Andando oltre: può un prodotto derivato da un software GPL (e quindi rilasciato con la stessa licenza per via della viralità) avere anche una doppia licenza? La risposta in questo caso è: dipende. Se tutti i prodotti GPL da cui deriva offrono la possibilità della doppia licenza e l’acquirente ha comprato quella commerciale, allora anche lo sviluppatore del prodotto derivato può applicare la doppia licenza, e quindi venderlo libero dalla viralità della GPL. Appartiene a questa casistica la situazione di Tint, un prodotto derivato da Stanford CoreNLP: poiché CoreNLP prevede una licenza commerciale, anche noi possiamo vendere Tint senza la viralità della licenza GPL, a patto che l’acquirente ne possegga una di CoreNLP.
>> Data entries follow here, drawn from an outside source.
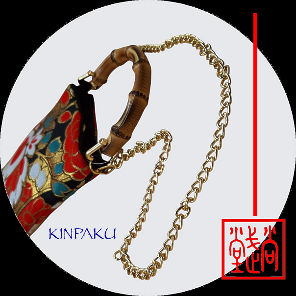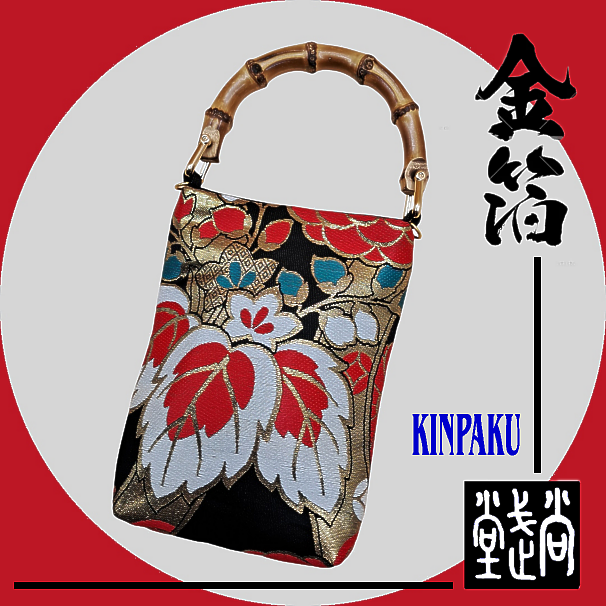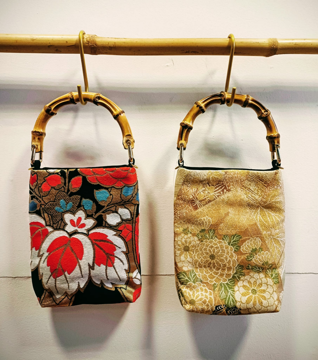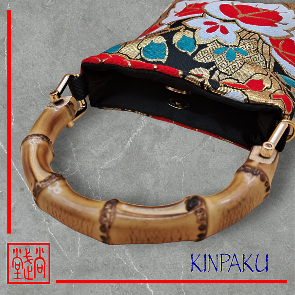 Mini borsetta in broccato con manico in bamboo originale , chiusura con bottone a pressione.
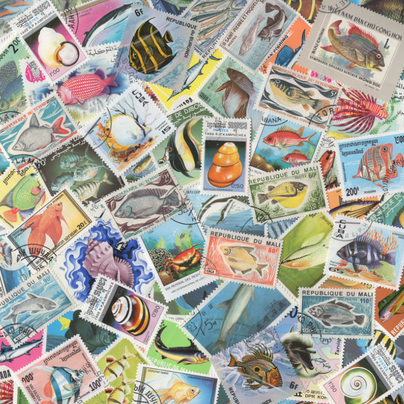 Pochette contenant 1000 timbres thématiques sur la faune marine, poissons, coquillages, neufs et oblitérés, premier choix. Les pochettes de timbres sont idéales pour compléter votre collection et garder l'esprit "loisir" de la philatélie !
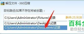 3. 如图,在弹出的解压文件的窗口中,点击“目标路径”右侧的箭头。
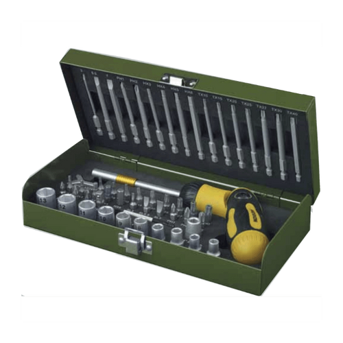 - Komplekt 38 tk 1/4 ″ (6,3 mm) standardpikkusega (25 mm) otsikutega ja 16 tk keermestatud pimeaukude jaoks pikad (80 mm) otsikud
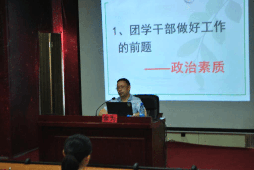 为提高我院团学干部的政治素质、纪律意识、规矩意识和工作能力,2017年5月16日晚,我院邀请学工处处长余为,在逸夫楼报告厅为团学干部做了一次集中辅导培训。出席本次培训的有我院党总支书记谢光泽、辅导员老师及团学干部。
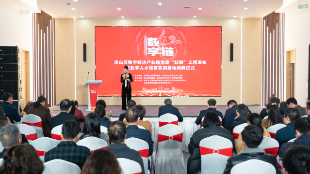 2024年12月4日,泉山区数字经济产业链党建 “红链” 工程发布暨数字人才培育实训基地揭牌仪式在江苏淮海科技城徐州网易联合创新中心圆满落幕,此次活动由泉山区数据局和泉山区数字经济产业链综合党委联合主办。
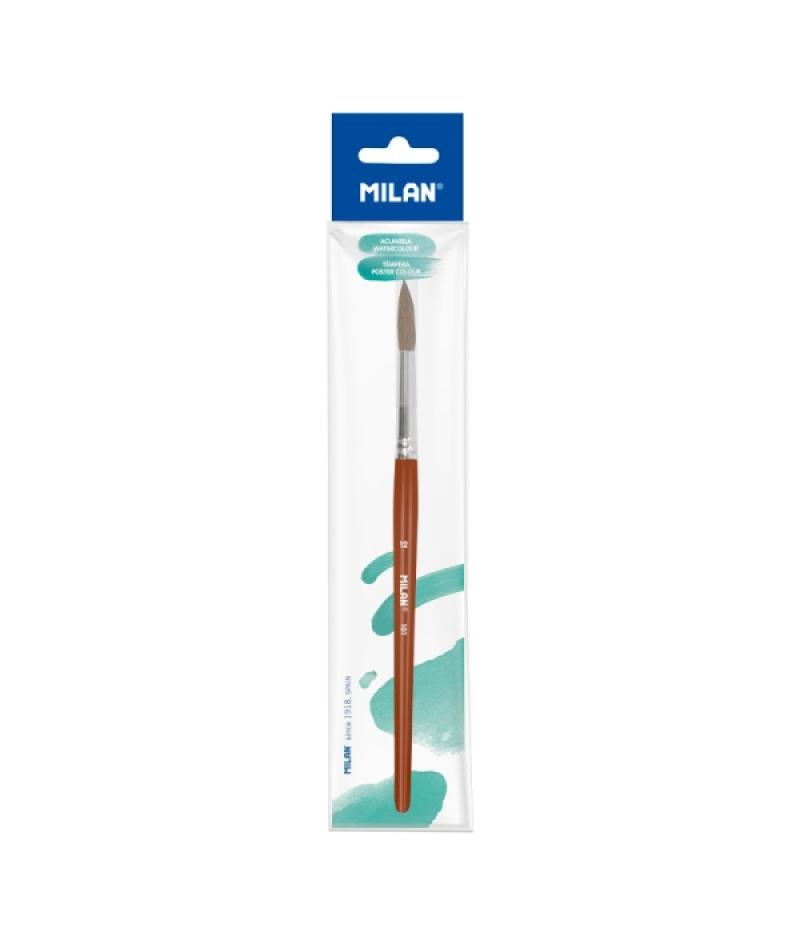 Papelería / Material de oficina - Dibujar, pintar y colorear - Pinceles 400033 - Milan 101 Pincel Escolar Redondo Numero 12 - Bolsa con Colgador - Pelo de Cabra y Sintetico - Color Madera OscuroBeneficiario :
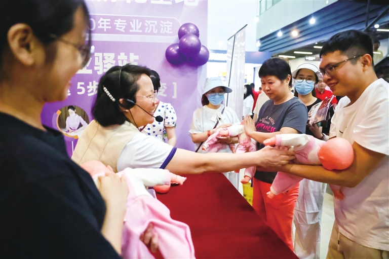 孕博会现场,市民不仅可选购高性价比的母婴用品,还能获得专业的孕产指导,更吸引人的是一系列“有趣、有用、有颜值”的互动活动:国风妆造让孕妈尽显别样风采,“120”急救课堂传递实用急救技能,奶爸“太空”闯关则让准爸爸们在趣味中解锁育儿本领。丰富的内容让备孕、待产、育儿的旅程更添轻松与暖意。
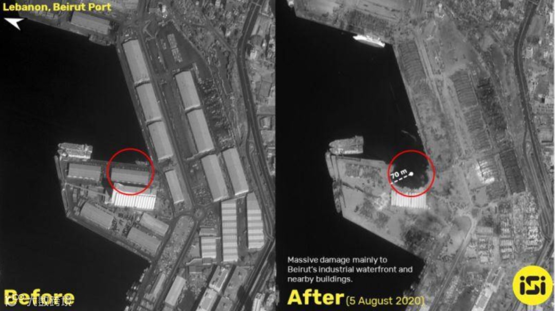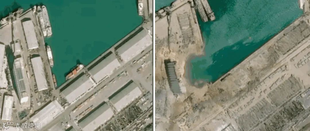 △爆炸前后的贝鲁特港口区
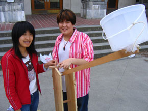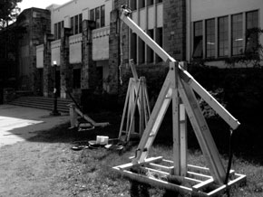Build a catapult that will hurl a 500 g water balloon as far as possible. Click here for the original rules.
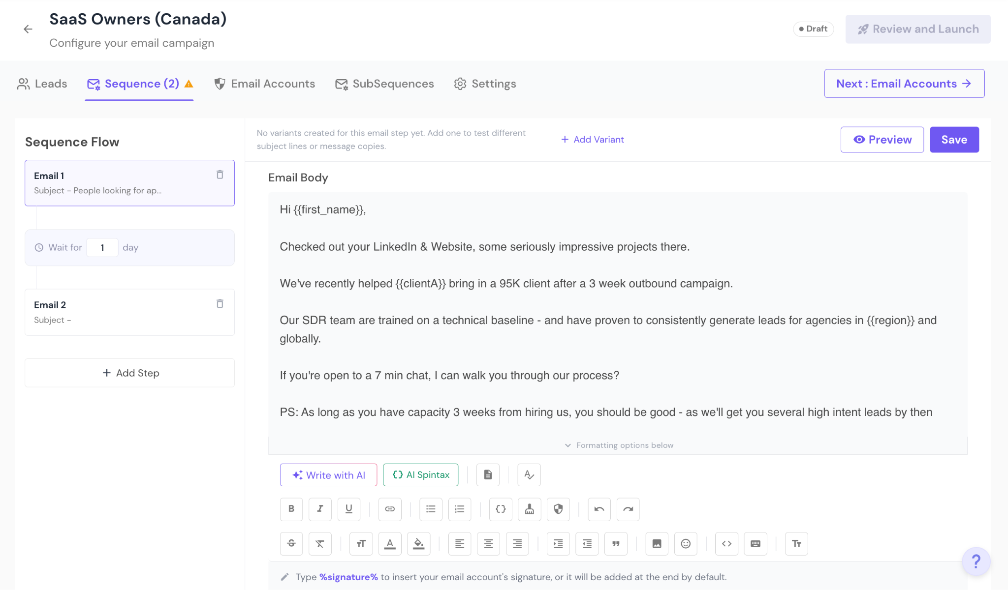 AI Spintax – define multiple wording variations within one email that are automatically rotated during sending.

Il mondo delle licenze open source è un dedalo nel quale è difficile districarsi se non si hanno competenze in materia, e talvolta gli sviluppatori stessi, che poi quel codice dovranno scriverlo, hanno molti dubbi a riguardo. In questa descrizione ho voluto dare solamente una panoramica a volo d’uccello su questo universo esteso, omettendo molti altri dettagli che possono essere approfonditi leggendo i documenti originali (linkati nell’articolo).

Ringrazio Chris Tagge dell’Università di Stanford, che ci ha permesso di chiarire alcuni punti relativi alla doppia licenza.